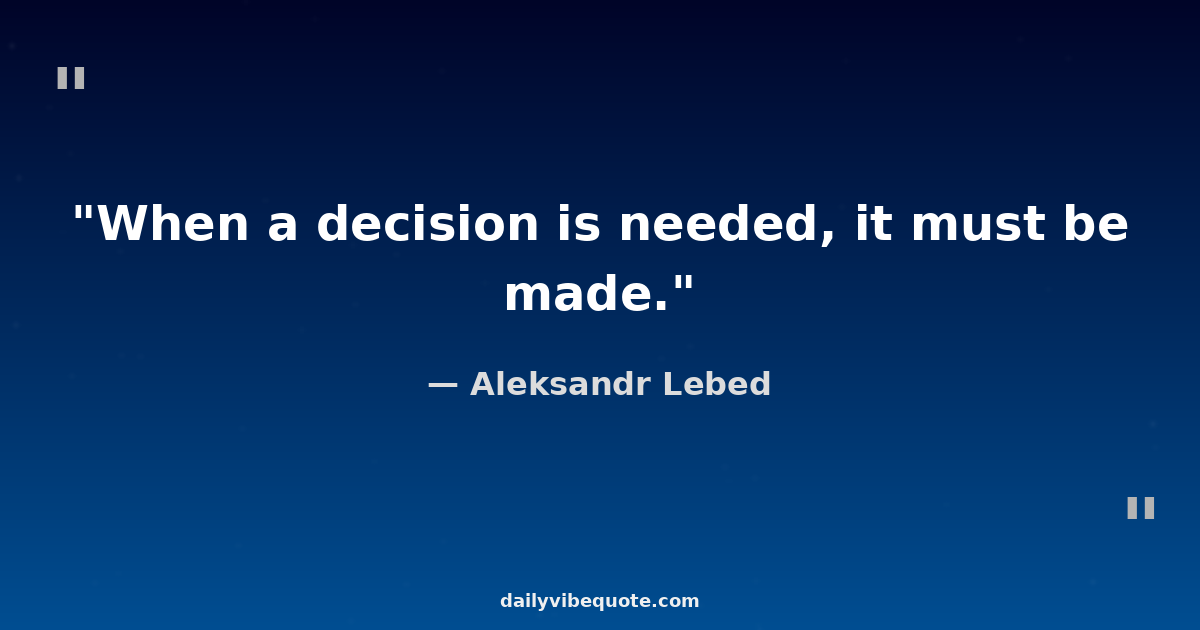 "When a decision is needed, it must be made."
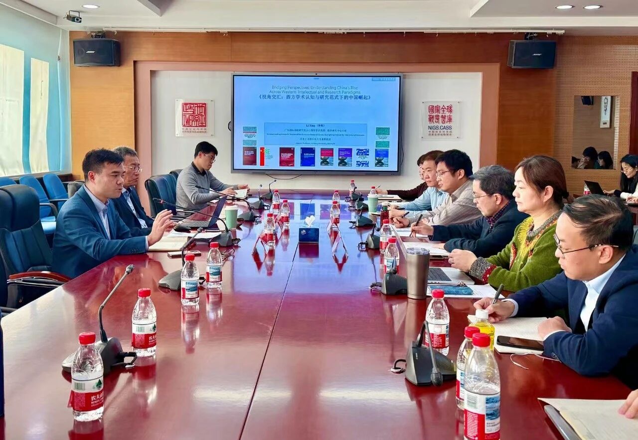 12月11日,调研团队一行走访中国社会科学院世界经济与政治研究所,与世经政所党委书记、所长廖凡研究员、全球治理研究室副主任陈兆源副研究员和外交政策研究室副主任彭博进行座谈交流,双方深入探讨了中美博弈、全球治理体系变革和大国外交等前沿问题,并表示将继续共同打造全球经济治理学术论坛这一品牌学术活动。调研团走访期间,李形教授以“视角交汇:西方学术认知与研究范式下的中国崛起”为题在“世经政讲坛”上做主题报告,并与参会学者就中欧关系、全球治理、“一带一路”倡议等议题进行了深入交流。
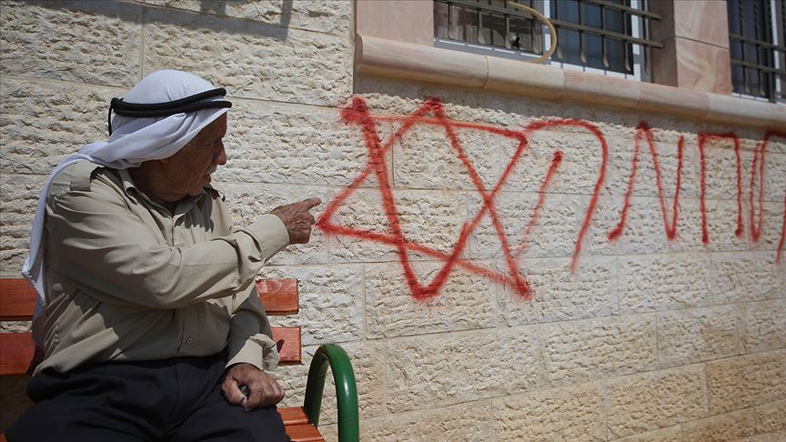Yahudi yerleşimciler, işgal altındaki Batı Şeria'da Filistinlilere ait 8 araca zarar verdi, bazı evlerin duvarlarına ırkçı sloganlar yazdı.
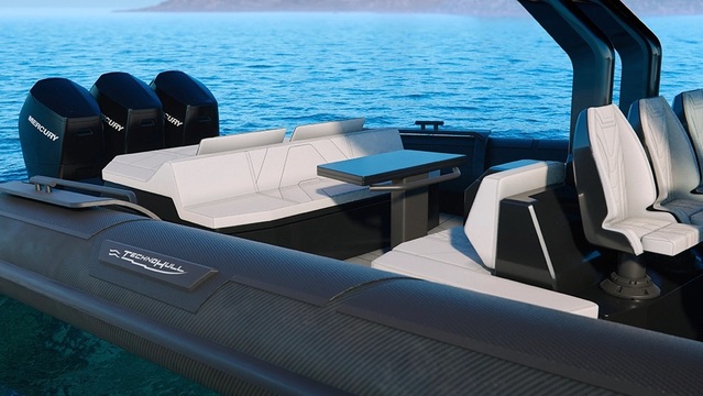 The newcomer cuts a sleek, aerodynamic silhouette with sharp, aggressive lines and a semi-straight bow. As always, Technohull’s signature Dynastream hull with its deep-V shape and ventilated steps will pierce waves and deflect spray. This ensures high speeds, maximum efficiency, exceptional seakeeping and top-notch handling even in rough conditions.
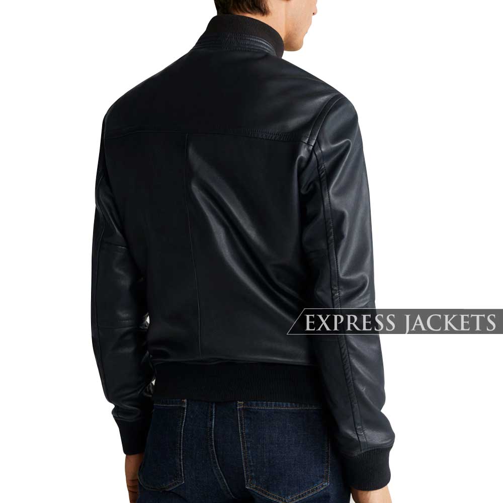 MEN BLUE BOMBER LEATHER JACKET
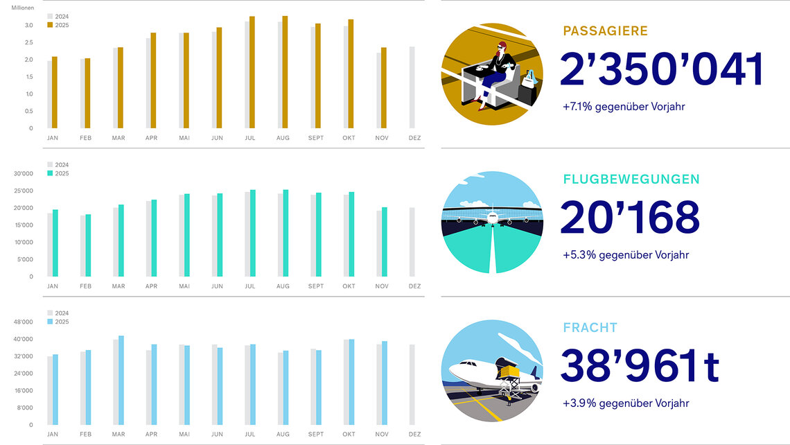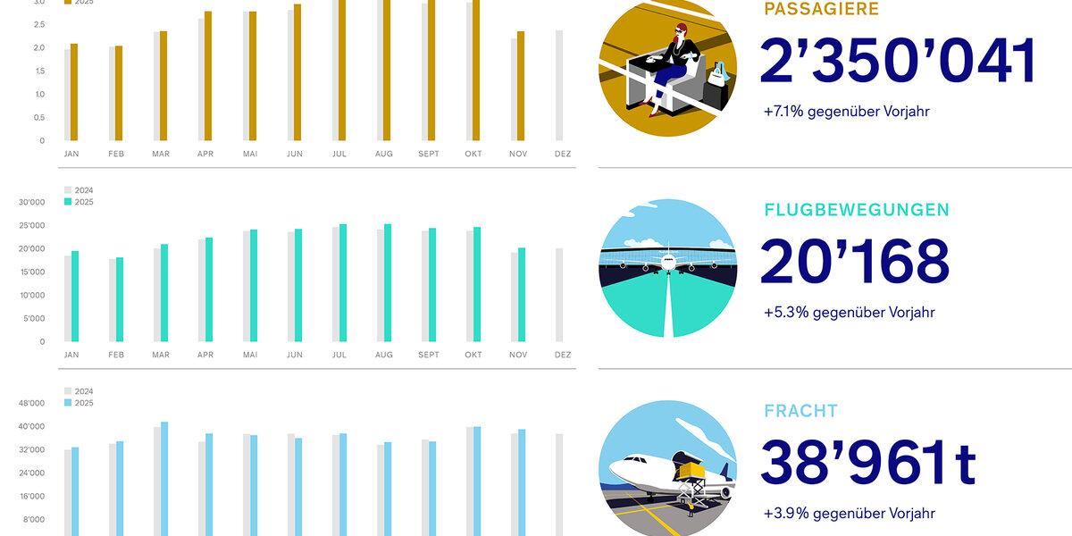 Im November 2025 sind 2’350’041 Passagiere über den Flughafen Zürich geflogen. Das entspricht einem Plus von 7.1% gegenüber derselben Periode des Vorjahres. Die Anzahl Lokalpassagiere lag im November 2025 bei 1’612’777. Der Anteil der Umsteigepassagiere betrug 31.3%, was 734’056 Passagieren entspricht.
# # # # # # #
:: REQUIRED WORK ::
Reproduce the lines from the one with "Yahudi yerleşimciler, işgal" through the end of the data, keeping both end lines, adding nothing, and dropping any pictures.

:: TASK RESULT ::
Yahudi yerleşimciler, işgal altındaki Batı Şeria'da Filistinlilere ait 8 araca zarar verdi, bazı evlerin duvarlarına ırkçı sloganlar yazdı.
 The newcomer cuts a sleek, aerodynamic silhouette with sharp, aggressive lines and a semi-straight bow. As always, Technohull’s signature Dynastream hull with its deep-V shape and ventilated steps will pierce waves and deflect spray. This ensures high speeds, maximum efficiency, exceptional seakeeping and top-notch handling even in rough conditions.
 MEN BLUE BOMBER LEATHER JACKET
 Im November 2025 sind 2’350’041 Passagiere über den Flughafen Zürich geflogen. Das entspricht einem Plus von 7.1% gegenüber derselben Periode des Vorjahres. Die Anzahl Lokalpassagiere lag im November 2025 bei 1’612’777. Der Anteil der Umsteigepassagiere betrug 31.3%, was 734’056 Passagieren entspricht.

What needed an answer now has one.